##### SUPPLIED MATERIAL
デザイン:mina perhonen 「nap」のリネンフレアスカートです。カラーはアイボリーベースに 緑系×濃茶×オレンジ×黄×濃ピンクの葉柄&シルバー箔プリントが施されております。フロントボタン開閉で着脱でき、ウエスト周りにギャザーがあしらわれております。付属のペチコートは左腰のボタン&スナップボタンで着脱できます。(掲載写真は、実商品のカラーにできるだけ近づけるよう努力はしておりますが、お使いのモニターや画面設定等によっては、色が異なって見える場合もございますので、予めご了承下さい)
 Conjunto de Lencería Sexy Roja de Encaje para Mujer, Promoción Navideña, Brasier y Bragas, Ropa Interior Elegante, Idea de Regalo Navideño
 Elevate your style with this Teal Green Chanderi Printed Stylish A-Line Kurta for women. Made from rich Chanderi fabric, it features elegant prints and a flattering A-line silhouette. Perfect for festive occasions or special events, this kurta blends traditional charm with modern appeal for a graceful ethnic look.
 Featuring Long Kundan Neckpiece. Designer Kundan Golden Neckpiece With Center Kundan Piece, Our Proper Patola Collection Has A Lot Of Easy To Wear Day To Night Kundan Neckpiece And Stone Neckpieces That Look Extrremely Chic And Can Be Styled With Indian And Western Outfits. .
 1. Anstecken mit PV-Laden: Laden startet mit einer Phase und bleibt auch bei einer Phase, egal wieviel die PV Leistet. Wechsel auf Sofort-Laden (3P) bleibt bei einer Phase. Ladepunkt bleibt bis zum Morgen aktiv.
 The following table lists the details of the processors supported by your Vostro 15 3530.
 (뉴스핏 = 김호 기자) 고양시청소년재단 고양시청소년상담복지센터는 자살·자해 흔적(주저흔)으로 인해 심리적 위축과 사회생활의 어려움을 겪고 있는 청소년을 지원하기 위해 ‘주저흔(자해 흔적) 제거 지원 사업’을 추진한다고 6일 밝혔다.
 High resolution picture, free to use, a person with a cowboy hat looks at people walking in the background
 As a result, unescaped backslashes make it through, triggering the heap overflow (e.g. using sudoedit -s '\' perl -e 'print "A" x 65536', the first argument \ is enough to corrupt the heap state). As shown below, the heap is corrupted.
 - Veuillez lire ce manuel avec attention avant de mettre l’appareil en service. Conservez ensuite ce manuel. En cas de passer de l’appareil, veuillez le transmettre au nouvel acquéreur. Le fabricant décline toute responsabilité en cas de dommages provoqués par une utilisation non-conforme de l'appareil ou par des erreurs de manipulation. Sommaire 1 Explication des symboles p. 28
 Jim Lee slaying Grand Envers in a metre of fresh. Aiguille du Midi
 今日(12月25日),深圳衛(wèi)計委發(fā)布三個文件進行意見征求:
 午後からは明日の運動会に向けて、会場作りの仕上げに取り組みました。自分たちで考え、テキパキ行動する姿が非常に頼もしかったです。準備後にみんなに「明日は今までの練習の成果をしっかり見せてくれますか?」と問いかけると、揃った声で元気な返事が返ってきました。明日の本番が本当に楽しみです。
##########
PROBLEM DETAILS:
Beginning with the line that contains "1. Anstecken mit", return every line through the end of the data above, exactly as written.

REPLY:
 1. Anstecken mit PV-Laden: Laden startet mit einer Phase und bleibt auch bei einer Phase, egal wieviel die PV Leistet. Wechsel auf Sofort-Laden (3P) bleibt bei einer Phase. Ladepunkt bleibt bis zum Morgen aktiv.
 The following table lists the details of the processors supported by your Vostro 15 3530.
 (뉴스핏 = 김호 기자) 고양시청소년재단 고양시청소년상담복지센터는 자살·자해 흔적(주저흔)으로 인해 심리적 위축과 사회생활의 어려움을 겪고 있는 청소년을 지원하기 위해 ‘주저흔(자해 흔적) 제거 지원 사업’을 추진한다고 6일 밝혔다.
 High resolution picture, free to use, a person with a cowboy hat looks at people walking in the background
 As a result, unescaped backslashes make it through, triggering the heap overflow (e.g. using sudoedit -s '\' perl -e 'print "A" x 65536', the first argument \ is enough to corrupt the heap state). As shown below, the heap is corrupted.
 - Veuillez lire ce manuel avec attention avant de mettre l’appareil en service. Conservez ensuite ce manuel. En cas de passer de l’appareil, veuillez le transmettre au nouvel acquéreur. Le fabricant décline toute responsabilité en cas de dommages provoqués par une utilisation non-conforme de l'appareil ou par des erreurs de manipulation. Sommaire 1 Explication des symboles p. 28
 Jim Lee slaying Grand Envers in a metre of fresh. Aiguille du Midi
 今日(12月25日),深圳衛(wèi)計委發(fā)布三個文件進行意見征求:
 午後からは明日の運動会に向けて、会場作りの仕上げに取り組みました。自分たちで考え、テキパキ行動する姿が非常に頼もしかったです。準備後にみんなに「明日は今までの練習の成果をしっかり見せてくれますか?」と問いかけると、揃った声で元気な返事が返ってきました。明日の本番が本当に楽しみです。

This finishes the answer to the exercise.